Reference examples tested with: PoseBusters 0.6+, RDKit 2024.09+, pandas 2.2+, posecheck 0.5+ (optional).

Before using code patterns, verify installed versions match. If versions differ:
- Python: `pip show <package>` then `help(module.function)` to check signatures

If code throws ImportError, AttributeError, or TypeError, introspect the installed
package and adapt the example to match the actual API rather than retrying.

# Pose Validation

Test docked or AI-generated protein-ligand poses for physical plausibility. PoseBusters (Buttenschoen 2024) is the modern gold standard: a suite of geometric, chemical, and energetic checks that flag implausible poses (planar aromatic rings now non-planar, vdW clashes, broken bonds, wrong chirality, unrealistic torsions). The PoseBusters benchmark showed that AI-based docking methods (DiffDock, EquiBind, TANKBind) produce ~50% physically-invalid poses despite reporting good RMSD; classical methods (Vina, GOLD) produce ~5-15% invalid. PB-valid status is therefore essential for downstream SAR, FEP setup, or generative model training.

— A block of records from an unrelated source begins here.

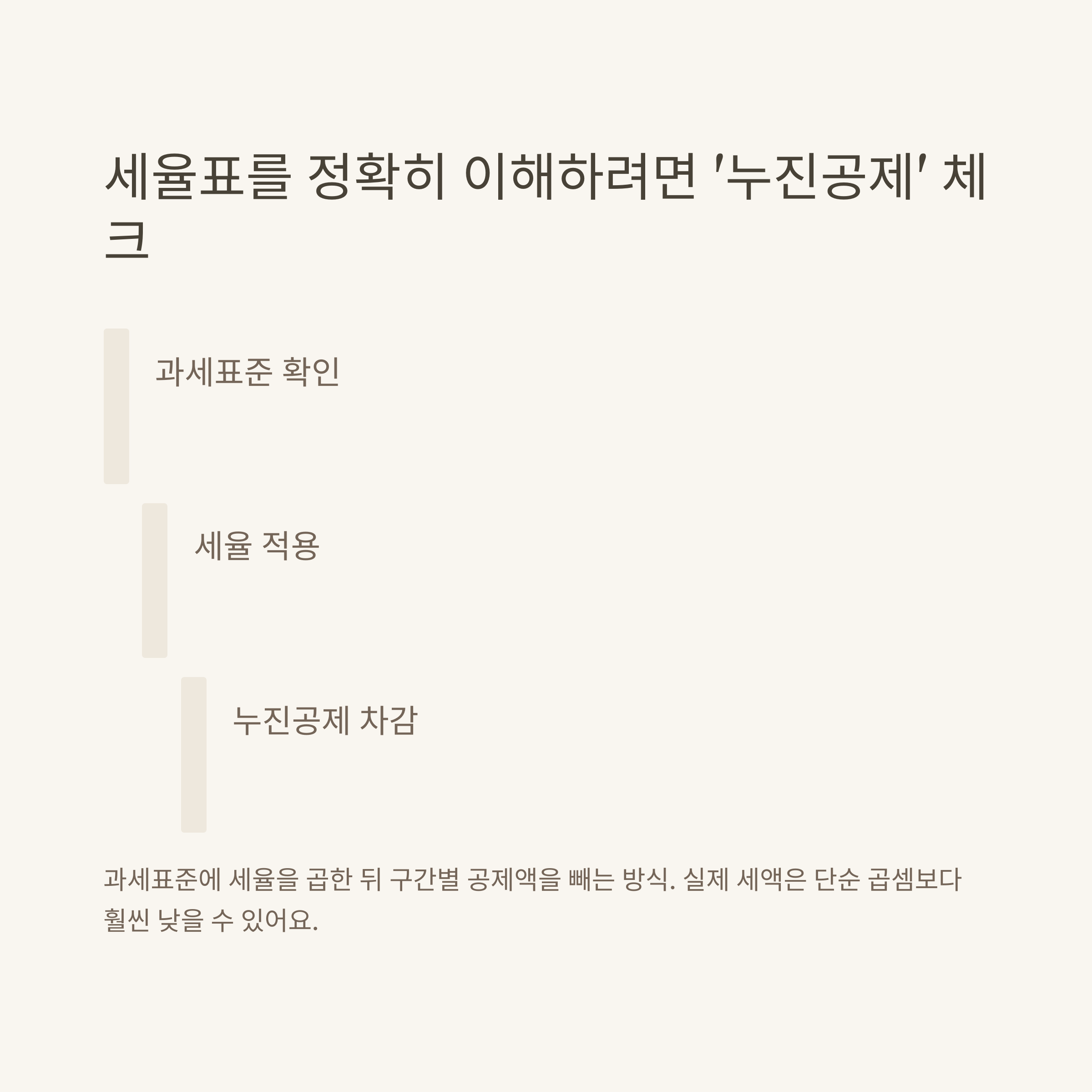 이 표를 보면 알 수 있듯이, 과세표준이 늘수록 세율이 급격히 높아지며, 누진공제 덕분에 그만큼 차감되어 과세되는 구조입니다. 이 때문에 단순히 전체 소득에 세율을 곱하는 게 아니라, 구간별로 계산하고 누진공제를 빼는 방식이 적용됩니다.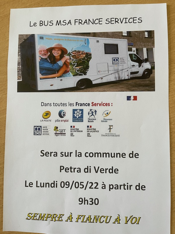Le bus avec un personnel qualifié sera le lundi 9 mai à Pietra, devant la mairie, à partir de 9h30 pour vous guider et vous assister dans vos démarches administratives.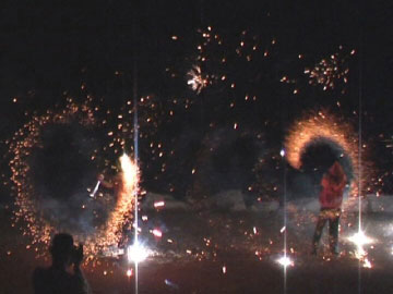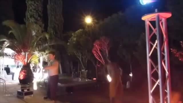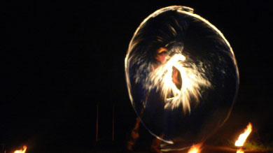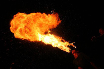 Amazing feats of fire juggling, acrobatics & fire breathing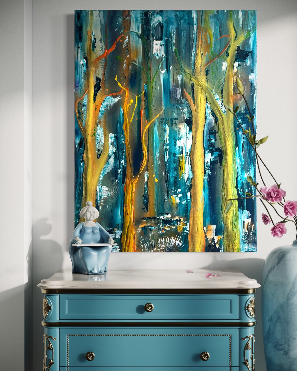 This tree painting carries the gorgeous energy of the ghost gums located in Kings Park, Western Australia. The paint is loosely applied in layered texture, implying the evening light on its trunks. The featured orb transmutes the forest’s energy on the canvas and into your home. It’s symbolic of the life force the forest holds.
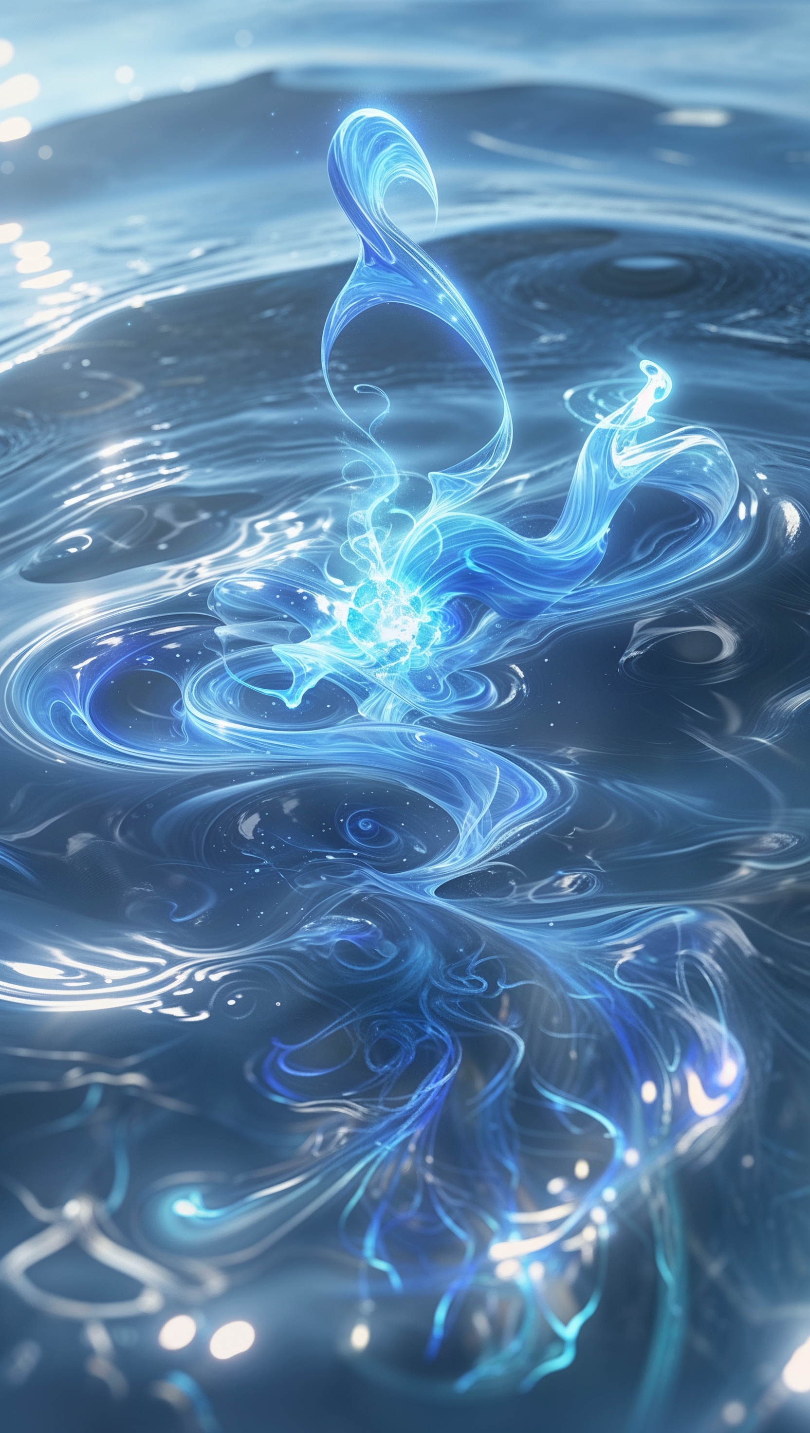 1664x2944 Blue mana spirit flowing through water, abstract magical energy

For docking, see `chemoinformatics/virtual-screening`. For ML docking specifically, see `chemoinformatics/ml-docking-rescoring`.

## PoseBusters Test Suite

PoseBusters runs ~20 individual checks grouped into:

| Check group | What it tests | Threshold |
|-------------|---------------|-----------|
| Sanity | Ligand chemical sanity | RDKit sanitization passes |
| Bond lengths | Bond lengths within reference | < 2 std from RDKit defaults |
| Bond angles | Bond angles within reference | < 2 std from RDKit defaults |
| Internal steric | No intra-ligand vdW clash | vdW overlap < 1.0 Å |
| Aromatic ring planarity | Aromatic rings planar | < 0.25 Å RMS deviation |
| Double-bond stereo | Z/E preserved | Match input SMILES |
| Internal energy | Strain not absurd | UFF energy < 100 kcal/mol typical |
| Volume overlap | vdW overlap with protein | < 7.5% of ligand vdW volume |
| Distance to protein | Not floating in solvent | Closest contact < 5 Å |
| Chirality | R/S preserved from input | Match input SMILES |

A pose passing ALL tests is "PB-valid". Combined PB-valid + RMSD <= 2 Å is the modern criterion.

## When to Apply PoseBusters

| Workflow | PoseBusters use | Action |
|----------|-----------------|--------|
| Self-docking (validating method) | Required | Compare PB-valid + RMSD <= 2A |
| Cross-docking | Required | PB-valid + RMSD <= 2A; account for protein flexibility |
| Virtual screening top hits | Required | Filter to PB-valid before MM/GBSA / FEP |
| AI docking (DiffDock, etc.) | Mandatory | Often 50% fail; otherwise can't compare to classical |
| Generated structures (RFdiffusion) | Required | Generation often produces clashes |
| Boltz-2 / AlphaFold3 ligand poses | Recommended | Same family of issues; less frequent than DiffDock |
| Production FEP setup | Required | Strain in input pose breaks FEP convergence |

## PoseBusters Usage

```python
from posebusters import PoseBusters

bust = PoseBusters(config='redock')

results = bust.bust(
    mol_pred='predicted.sdf',
    mol_true='reference.sdf',
    mol_cond='receptor.pdb',
)
```

`config` options and included checks:

| Config | Includes | When to use |
|--------|----------|-------------|
| `redock` | All checks + RMSD vs reference + protein vdW overlap | Self-docking benchmarks, retrospective validation |
| `dock` | All checks except RMSD reference | Blind docking, prospective virtual screening |
| `mol` | Intra-ligand only (sanity, bonds, angles, rings, stereo, energy) | Conformer QC; no protein context |

Output DataFrame columns include: `mol_pred_loaded`, `sanitization`, `all_atoms_connected`, `bond_lengths`, `bond_angles`, `internal_steric_clash`, `aromatic_ring_flatness`, `double_bond_flatness`, `internal_energy`, `protein_flexibility`, `minimum_distance_to_protein`, `minimum_distance_to_organic_cofactors`, `minimum_distance_to_inorganic_cofactors`, `volume_overlap_with_protein`, `volume_overlap_with_organic_cofactors`, `volume_overlap_with_inorganic_cofactors`. All bool; True = pass.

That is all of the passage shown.